All lines in the material containing the word "Loaf" need to be copied.

+ + + + +

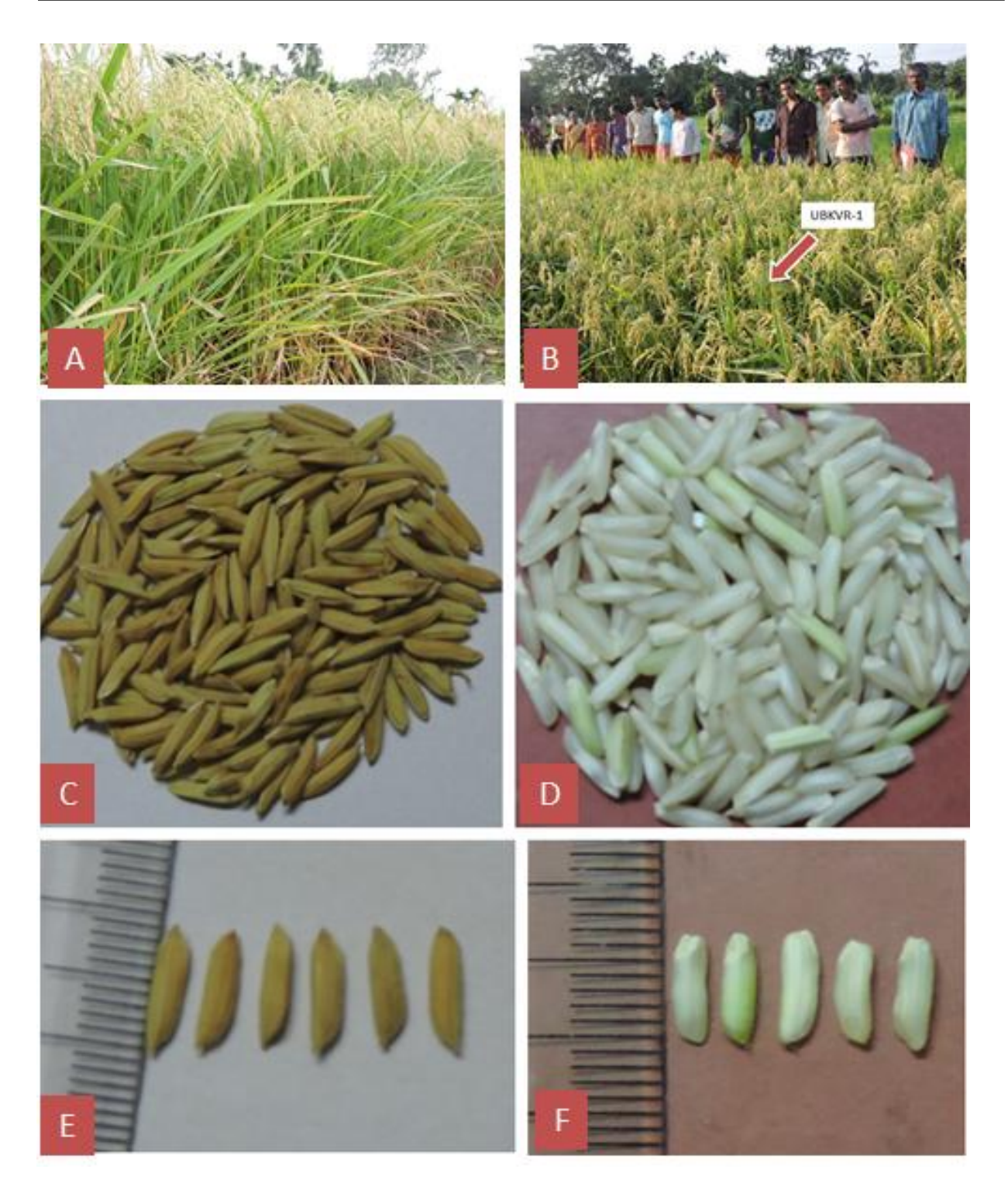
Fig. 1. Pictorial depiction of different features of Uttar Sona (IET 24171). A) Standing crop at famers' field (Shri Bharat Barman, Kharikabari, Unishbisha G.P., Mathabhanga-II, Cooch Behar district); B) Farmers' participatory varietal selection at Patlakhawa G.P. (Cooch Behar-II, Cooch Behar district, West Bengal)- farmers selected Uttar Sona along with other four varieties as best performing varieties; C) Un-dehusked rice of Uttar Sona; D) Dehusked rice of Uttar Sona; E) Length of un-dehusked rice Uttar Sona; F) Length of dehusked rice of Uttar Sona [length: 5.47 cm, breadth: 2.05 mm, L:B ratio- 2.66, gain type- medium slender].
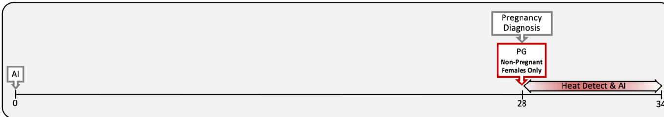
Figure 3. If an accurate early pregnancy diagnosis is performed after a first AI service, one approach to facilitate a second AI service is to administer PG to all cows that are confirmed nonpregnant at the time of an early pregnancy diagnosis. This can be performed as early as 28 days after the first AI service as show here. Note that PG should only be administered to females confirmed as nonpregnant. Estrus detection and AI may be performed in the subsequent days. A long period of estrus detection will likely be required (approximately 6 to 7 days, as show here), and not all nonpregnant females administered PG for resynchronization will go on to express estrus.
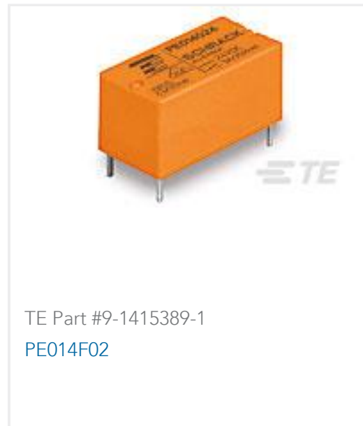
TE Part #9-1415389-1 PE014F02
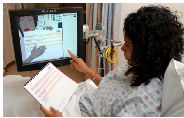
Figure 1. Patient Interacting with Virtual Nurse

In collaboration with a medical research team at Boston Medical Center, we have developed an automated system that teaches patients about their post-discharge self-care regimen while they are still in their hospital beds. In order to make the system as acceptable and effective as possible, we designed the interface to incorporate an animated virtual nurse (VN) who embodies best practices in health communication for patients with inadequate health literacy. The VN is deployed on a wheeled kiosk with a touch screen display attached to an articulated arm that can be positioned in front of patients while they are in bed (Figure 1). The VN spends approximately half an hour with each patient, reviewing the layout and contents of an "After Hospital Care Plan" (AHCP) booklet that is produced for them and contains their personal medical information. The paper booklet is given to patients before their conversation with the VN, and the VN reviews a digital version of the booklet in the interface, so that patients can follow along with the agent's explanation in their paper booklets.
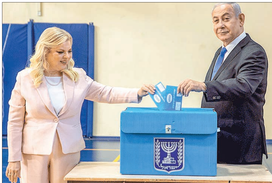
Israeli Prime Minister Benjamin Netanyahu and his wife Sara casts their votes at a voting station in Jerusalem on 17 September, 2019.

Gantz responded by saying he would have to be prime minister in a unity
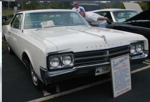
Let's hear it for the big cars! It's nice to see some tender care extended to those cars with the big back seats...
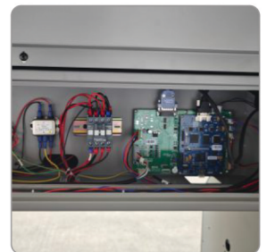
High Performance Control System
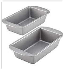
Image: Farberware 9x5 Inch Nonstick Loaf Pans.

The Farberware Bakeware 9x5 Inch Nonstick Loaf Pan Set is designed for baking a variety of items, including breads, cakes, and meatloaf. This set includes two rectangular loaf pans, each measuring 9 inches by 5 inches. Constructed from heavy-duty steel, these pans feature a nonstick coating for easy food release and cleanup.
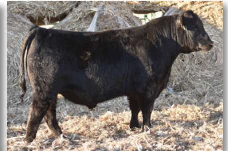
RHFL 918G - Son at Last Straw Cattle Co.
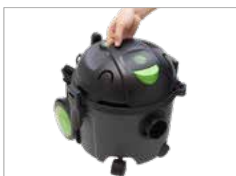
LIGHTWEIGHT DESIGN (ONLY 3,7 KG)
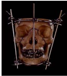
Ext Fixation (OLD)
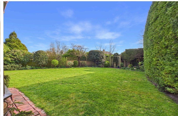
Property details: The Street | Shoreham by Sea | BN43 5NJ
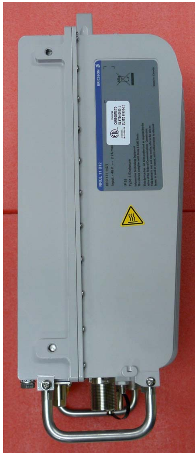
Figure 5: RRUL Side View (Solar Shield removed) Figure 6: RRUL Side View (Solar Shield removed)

+ + + + +

**Output**
Image: Farberware 9x5 Inch Nonstick Loaf Pans.
The Farberware Bakeware 9x5 Inch Nonstick Loaf Pan Set is designed for baking a variety of items, including breads, cakes, and meatloaf. This set includes two rectangular loaf pans, each measuring 9 inches by 5 inches. Constructed from heavy-duty steel, these pans feature a nonstick coating for easy food release and cleanup.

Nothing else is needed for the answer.